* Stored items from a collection
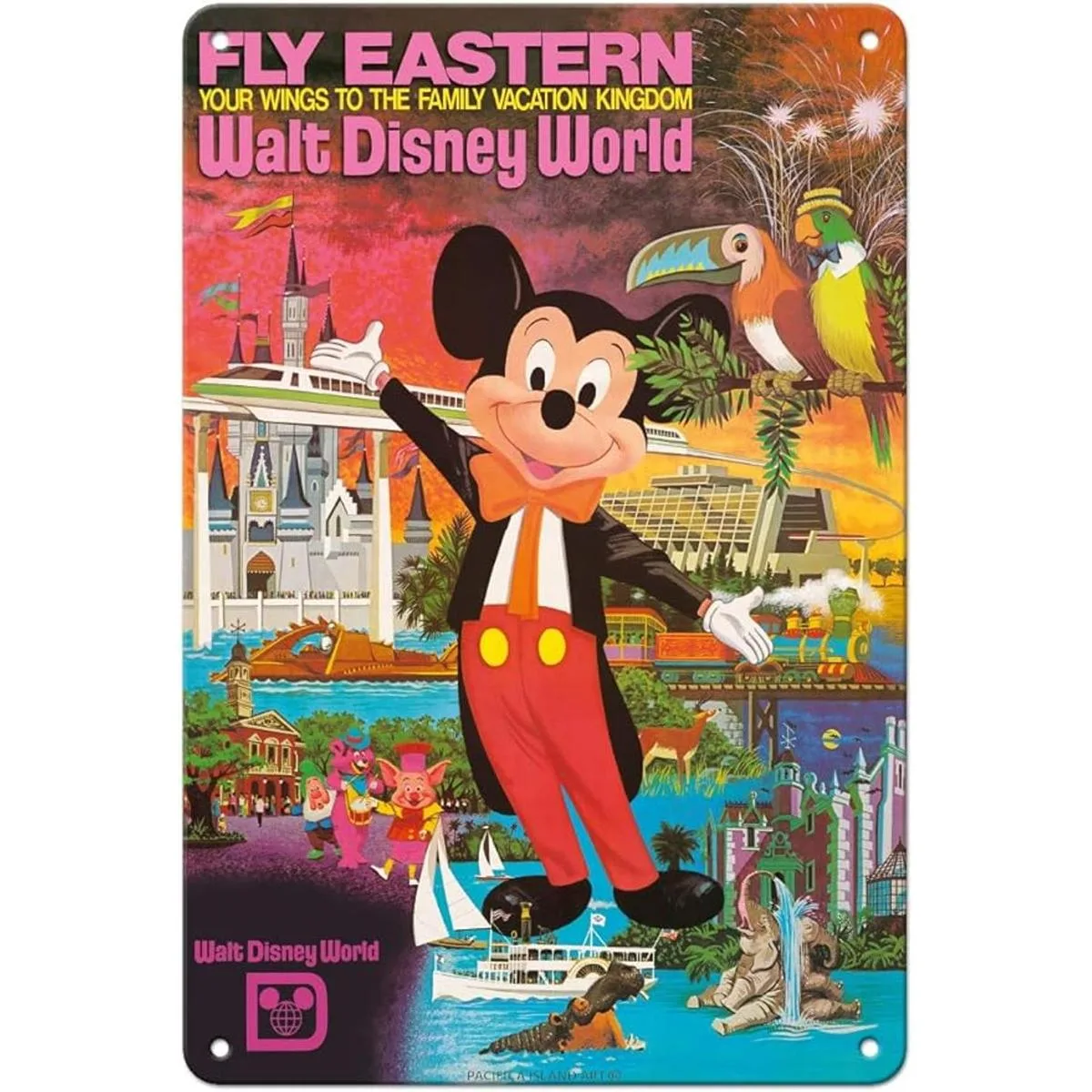 Póster de Pacific Island Art Walt Disney World Fly Eastern Airlines Orlando, Florida Vintage Airline Travel Póster c.1980 Fine Art Print
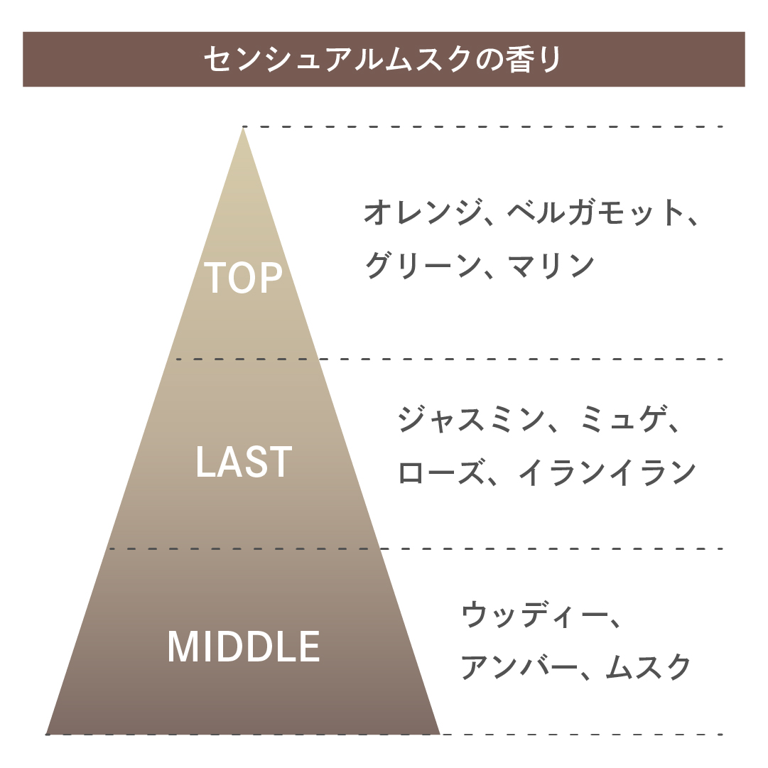 爽やかなシトラスとジャスミン、ミュゲなどの花々をムスクで包み込んだ官能的な香り。
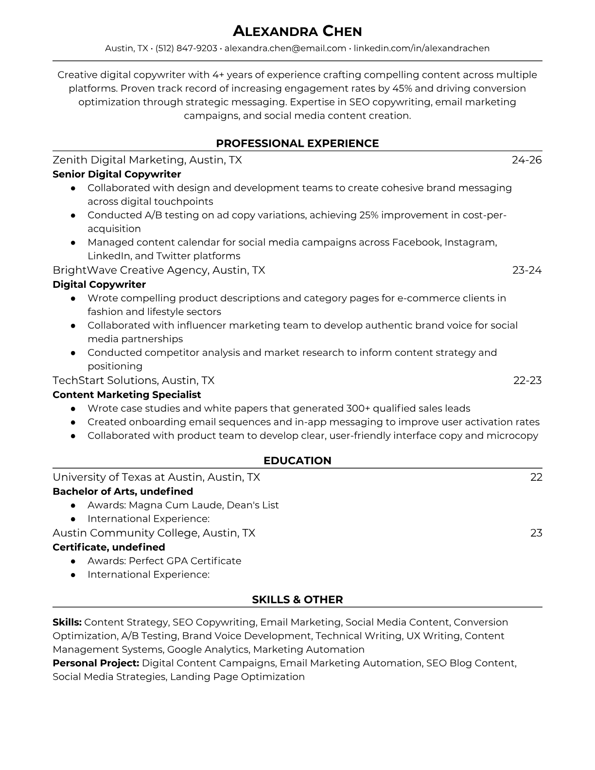 Digital Copywriter Resume Templates - ATS-Optimized for Marketing Roles
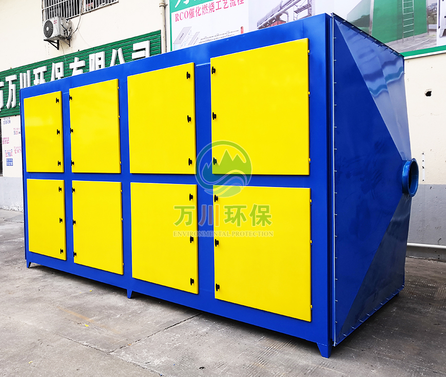橡膠廢氣從管道進入到設備內,穿過第一層噴淋層,用水沖洗廢氣,再進入到第二、第三層填料層,去除水溶性的粉塵和廢氣,最后進入到活性炭吸附層,利用活性炭的吸附力,吸附有機廢氣,達到凈化的效果。
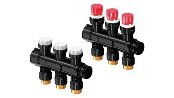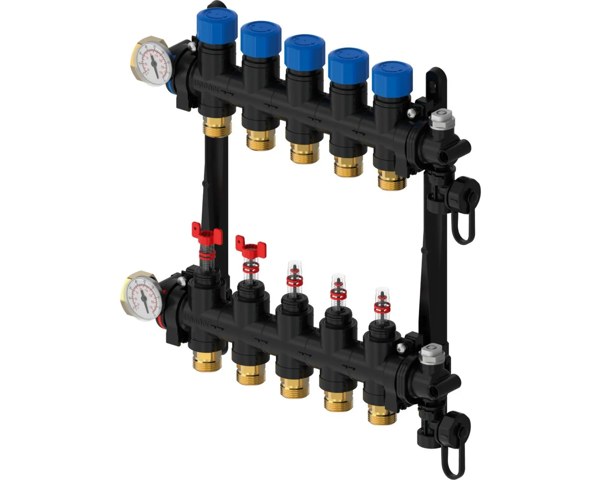 Uponor Vario manifolds are high quality manifolds made from different materials to cover all applications for radiant heating and cooling. Synchronised components connections allow easy connection to all Uponor pipe dimensions.
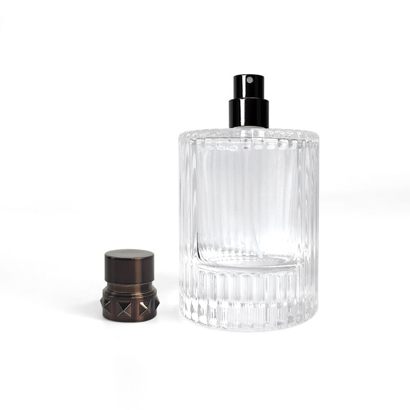 This perfume bottle provides 50ml and 100ml dual capacity. It is based on high permeability glass. The bottle body is designed with full body vertical ridges: the fine three-dimensional lines not only strengthen the transparent texture of the glass, but also present a clean layer of luster under the light and shadow, while the simple bottle body has its own delicate edges and corners. The outline of the bottle is regular and atmospheric, without redundant decoration, but it shows a calm style, which can clearly present the original color of perfume, and it is suitable for wooden tones, exotic tones and other styles; Paired with customizable bottle caps, it can fit the brand's tone through processes such as spray painting and screen printing, making it a fragrance container that combines texture and adaptability.
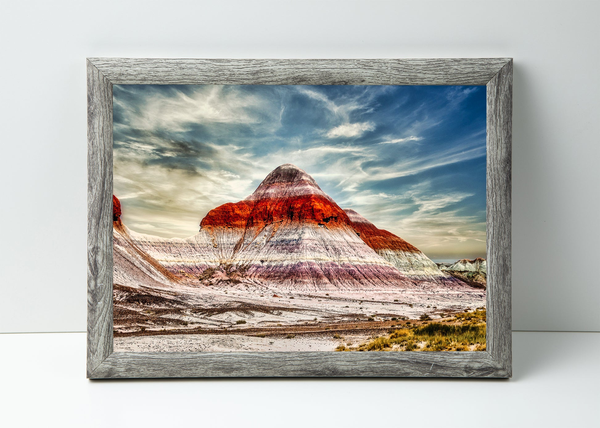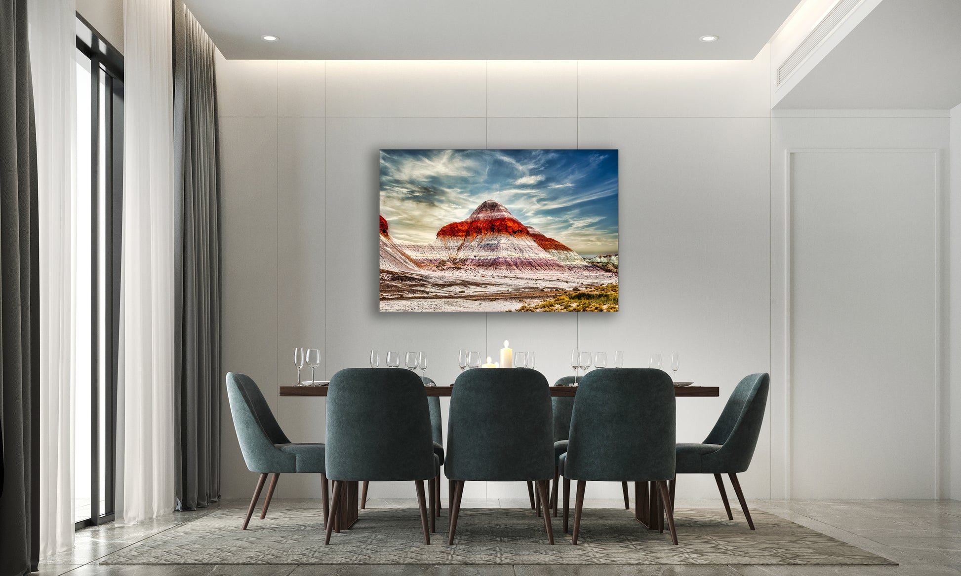 View of the mountain group know of the Tepees in Petrified Forest National Park. The layered sediments provides a colorful foreground against a dramatic blue sky.
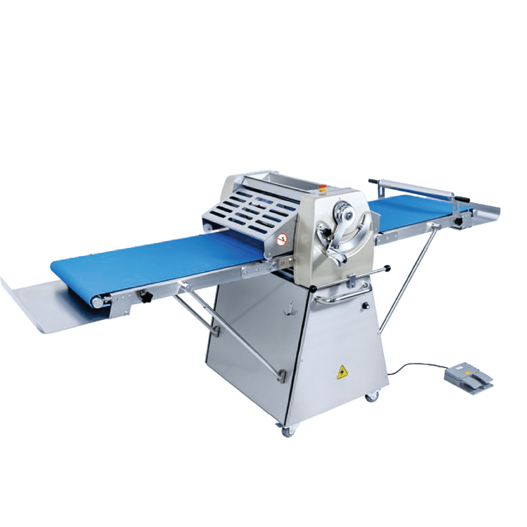 Mesin Dough Sheeter (Mesin Penggiling Adonan) 520mm adalah peralatan bakery semi-otomatis yang dirancang untuk menipiskan adonan secara merata dan konsisten dengan lebar maksimum lembaran adonan sekitar 520mm (mengacu pada lebar roller).
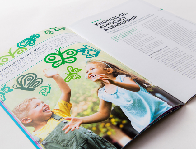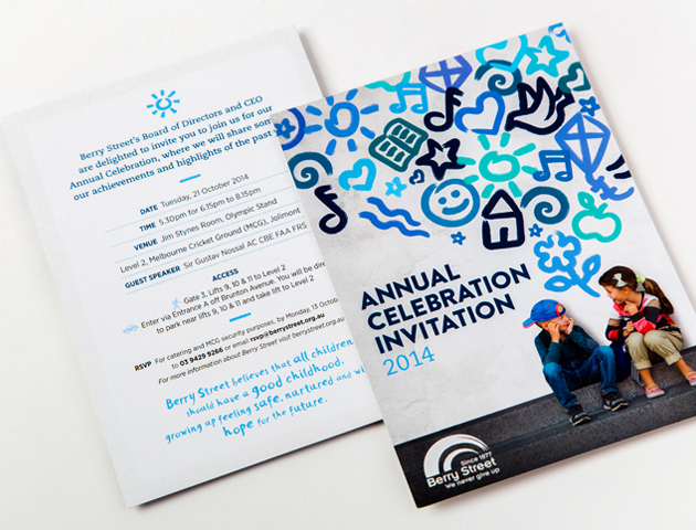 Our annual report design for Berry Street included concept development and infographics, as well as illustrations. The design brief required that we communicate two themes.
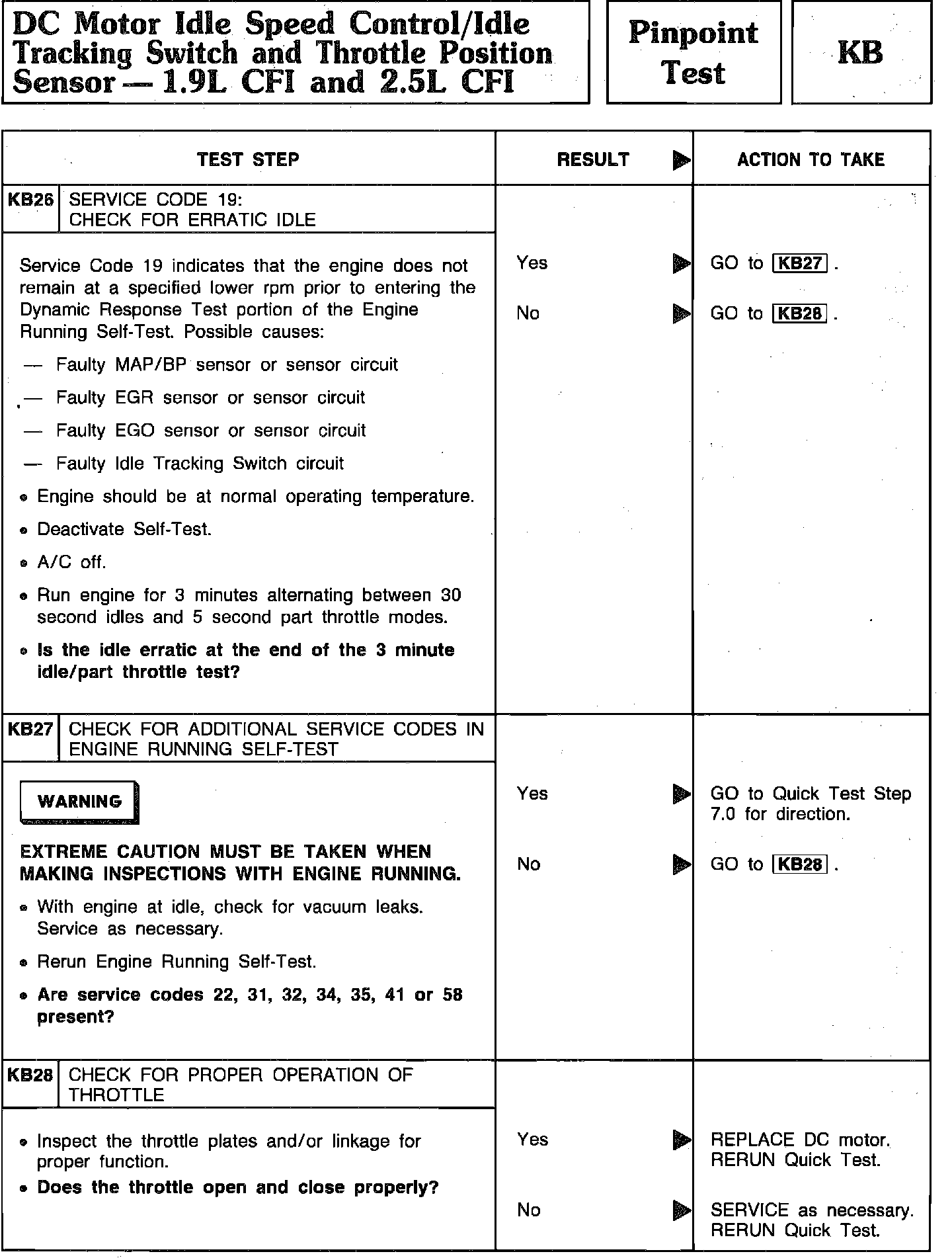 Pinpoint Test KB26 Thru KB28 - DC Motor Idle Speed Control/Idle Tracking Switch/TPS:
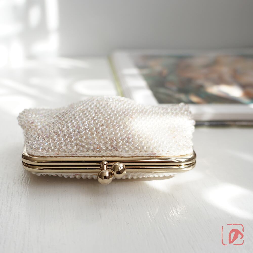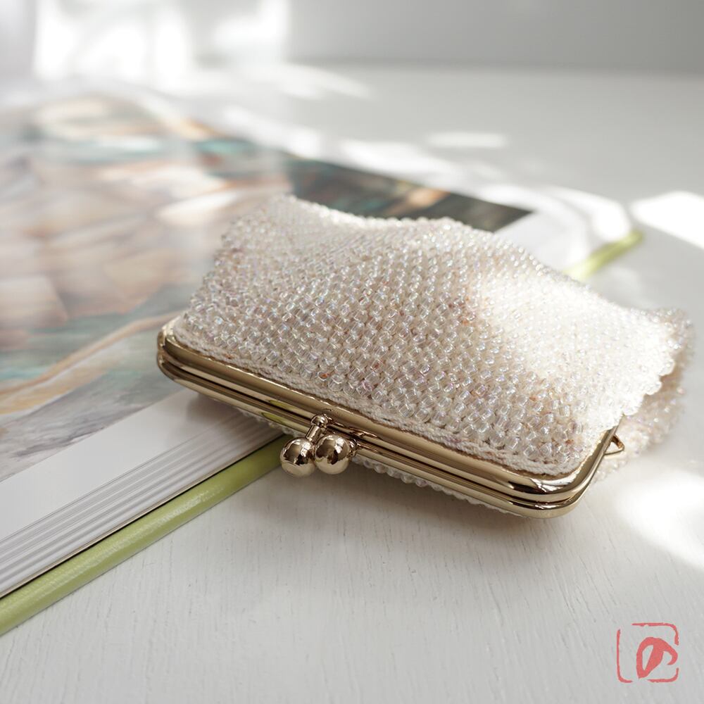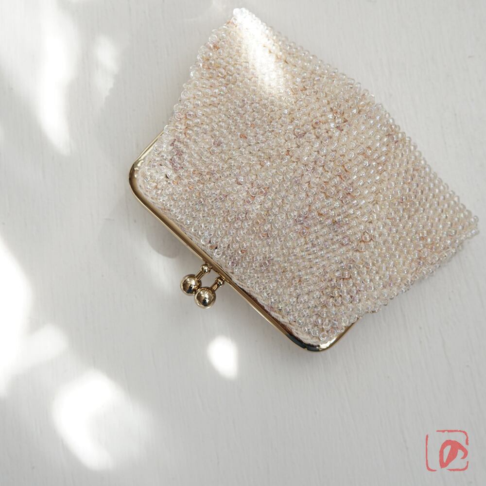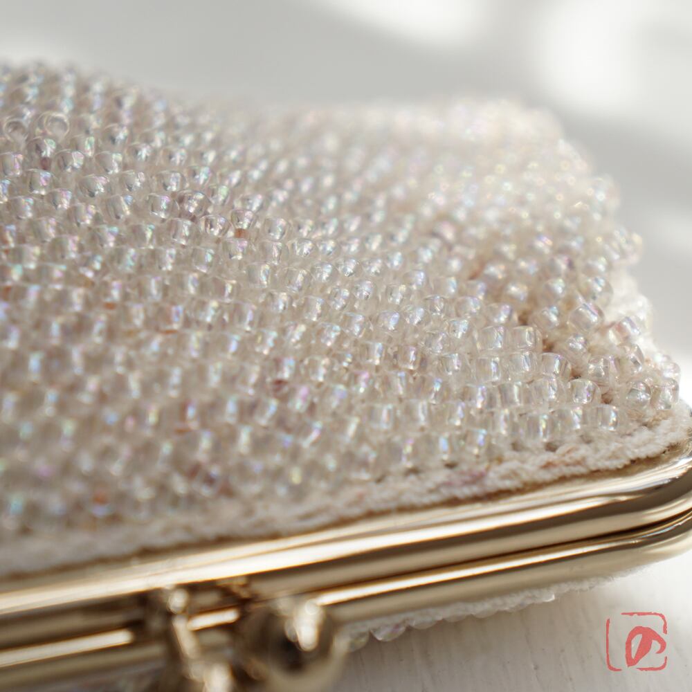 日本製のシードビーズをひとつぶづつ、全面に編み込みました。
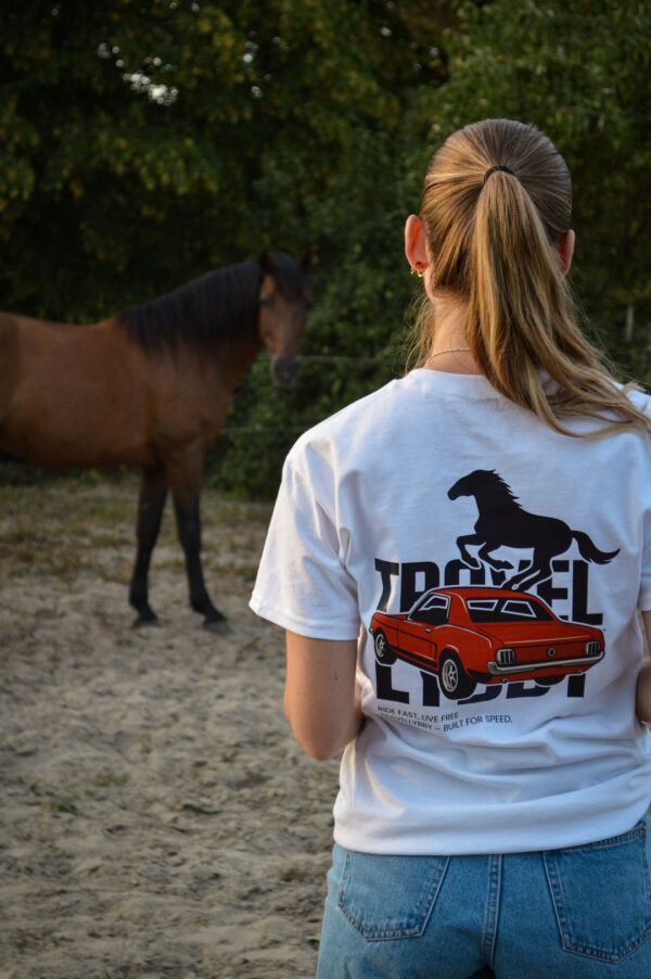 - Design : Flocage cœur et dos représentant un cheval et une muscle car

* Task to complete
Copy the entries above verbatim. Pictures do not belong in the copy.

* Answer to this problem
 Póster de Pacific Island Art Walt Disney World Fly Eastern Airlines Orlando, Florida Vintage Airline Travel Póster c.1980 Fine Art Print
 爽やかなシトラスとジャスミン、ミュゲなどの花々をムスクで包み込んだ官能的な香り。
 Digital Copywriter Resume Templates - ATS-Optimized for Marketing Roles
橡膠廢氣從管道進入到設備內,穿過第一層噴淋層,用水沖洗廢氣,再進入到第二、第三層填料層,去除水溶性的粉塵和廢氣,最后進入到活性炭吸附層,利用活性炭的吸附力,吸附有機廢氣,達到凈化的效果。
 Uponor Vario manifolds are high quality manifolds made from different materials to cover all applications for radiant heating and cooling. Synchronised components connections allow easy connection to all Uponor pipe dimensions.
 This perfume bottle provides 50ml and 100ml dual capacity. It is based on high permeability glass. The bottle body is designed with full body vertical ridges: the fine three-dimensional lines not only strengthen the transparent texture of the glass, but also present a clean layer of luster under the light and shadow, while the simple bottle body has its own delicate edges and corners. The outline of the bottle is regular and atmospheric, without redundant decoration, but it shows a calm style, which can clearly present the original color of perfume, and it is suitable for wooden tones, exotic tones and other styles; Paired with customizable bottle caps, it can fit the brand's tone through processes such as spray painting and screen printing, making it a fragrance container that combines texture and adaptability.
 View of the mountain group know of the Tepees in Petrified Forest National Park. The layered sediments provides a colorful foreground against a dramatic blue sky.
 Mesin Dough Sheeter (Mesin Penggiling Adonan) 520mm adalah peralatan bakery semi-otomatis yang dirancang untuk menipiskan adonan secara merata dan konsisten dengan lebar maksimum lembaran adonan sekitar 520mm (mengacu pada lebar roller).
 Our annual report design for Berry Street included concept development and infographics, as well as illustrations. The design brief required that we communicate two themes.
 Pinpoint Test KB26 Thru KB28 - DC Motor Idle Speed Control/Idle Tracking Switch/TPS:
 日本製のシードビーズをひとつぶづつ、全面に編み込みました。
 - Design : Flocage cœur et dos représentant un cheval et une muscle car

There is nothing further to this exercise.